Unlikely to be the case. Some tickets are valid for almost two years (first flight has to depart within a year of ticketing and last flight within a year of first flight). I'm not aware of any significant FF changes that have had a two year period after announcement before they become effective.
 
And that’s because apparently Murdoch sold it to them for a princely sum when apparentyl hadn’t maintained the assets and they paid fulsomely for distressed assets. I can’t blame em for ripping out the pearls
That’s called not doing due diligence. Their issue entirely. What they did to Ansett was retribution.
 
Air NZ did.

Airline profitability versus Loyalty Program profitability.

NZ loyalty is increasing deferred liability by ~10% annually. It's barely over $150M.
Approx 3M members put it about the same size as Singapore Airlines/Krisflyer, and Krisflyer has around $700M deferred liability.

Air NZ = 16M pax annually.
SQ = 30M pax annually.

To me, that suggests there is either low FFP penetration or that members are being under-rewarded by fewer points being issued compared to what other airlines offer. Essentially, with fewer points being issued (cost saving for the airline), that value of points is transferred into additional profitability on airline ticket sales.

Thus, the loyalty program takes a hit to help the airline increase yield.

Also, keep in mind that Air NZ has a monopoly or JV on all basically every route. Heck, even my 3-year-old nephew could run a profitable business under those circumstances.
 
Here is one for you playing along at home .....

Looks like you can now use your QF points for Domestic Air NZ flights ;)
 
Another speculation.

Qantas will seek to make it easier to attain lounge access for one-off trips (at a substantial cash/points cost).

While the actual frequent flyers will hate it as it will mean more lounge overcrowding, the bean counters at Qantas will love it because the marginal increase in serving more people in the lounge is tiny and there are plenty of people champing at the bit to access the lounge (ie the one-overseas-trip-per-year Instagram/Facebook crowd absolutely love posting photos of them sipping sparkling wine in the lounge to the envy of their friends).
 
This interersting shows a lower number of pints and copayment

171188

Usually 60000 points and $274.39 in copayment
 
Airline profitability versus Loyalty Program profitability.

NZ loyalty is increasing deferred liability by ~10% annually. It's barely over $150M.
Approx 3M members put it about the same size as Singapore Airlines/Krisflyer, and Krisflyer has around $700M deferred liability.

Air NZ = 16M pax annually.
SQ = 30M pax annually.

To me, that suggests there is either low FFP penetration or that members are being under-rewarded by fewer points being issued compared to what other airlines offer. Essentially, with fewer points being issued (cost saving for the airline), that value of points is transferred into additional profitability on airline ticket sales.

Thus, the loyalty program takes a hit to help the airline increase yield.
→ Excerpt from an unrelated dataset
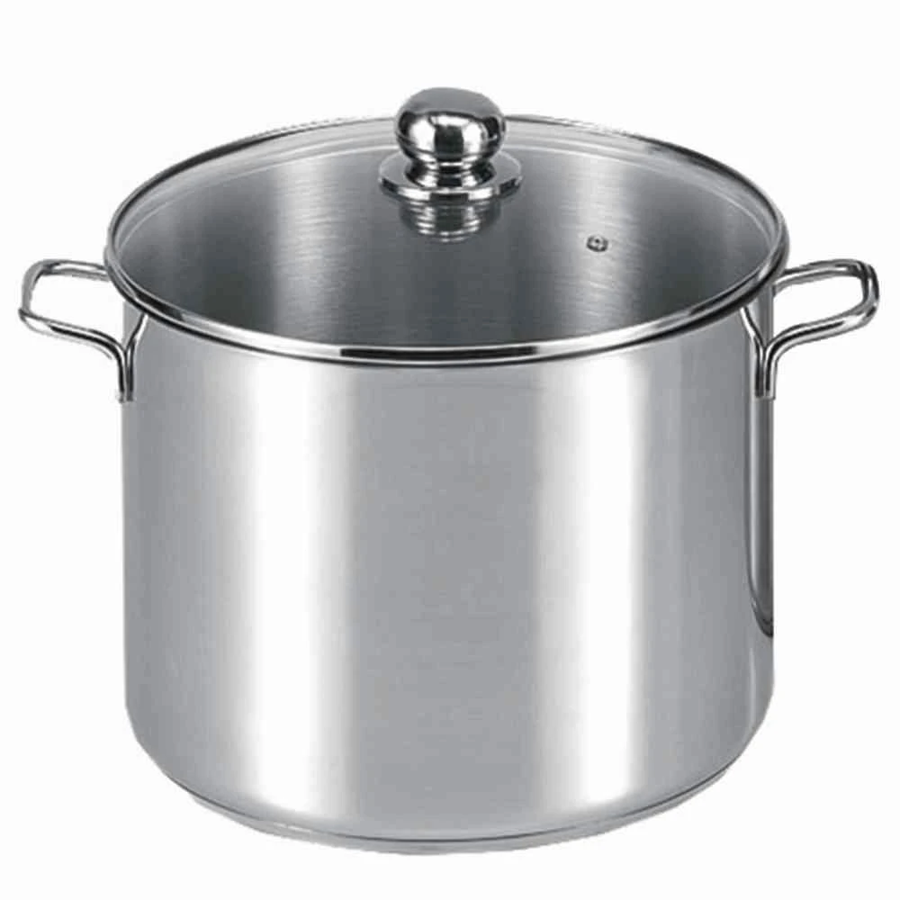 - hitzebeständiger Glasdeckel mit Chromrand zum Sichtkochen mit Dampfaustrittsloch

Also, keep in mind that Air NZ has a monopoly or JV on all basically every route. Heck, even my 3-year-old nephew could run a profitable business under those circumstances.

I haven't done detailed analysis on NZ airpoints recently, but bear in mind most members are NZ-based and any-seat redemptions means points can and are spent before balances significantly accumulate. I.e. turnover of points is high compared with other programmes. In NZ you can collect airpoints for almost everything (it seems). Plus the last several years Air NZ has been aggressively pushing their online mall for redemptions, which is another way to keep balances relatively low.

Agree with you about the monopoly. Almost complete in NZ (Jetstar is limited competition), and internationally they tend to have joint ventures or other partnerships with the biggest other airline on most routes in which they don't have a monopoly. I'm continually amazed they get away with it with competition regulators.
 
Serious question as I've never looked at New Zealand redemptions before: this is new?

Apparently so ... you now get JQ and NZ options when searching a domestic NZ route ... eg 10000pt +$8.40 for a AKL CHC on NZ
 
Usually 12000 QFFP

In fact, ADL is *annoyingly* just outside of 600 miles whereas you can fly to BNE, SYD or MEL for 8000 QFFP.

The fact that it is slightly over at 8400 QFFP makes me wonder if they are fattening the number of zones so that you pay for a distance closer to what you actually travel, rather than a more broader target of, say, 35000 QFFP for anywhere between 4801 and 5800 miles (all in Y of course).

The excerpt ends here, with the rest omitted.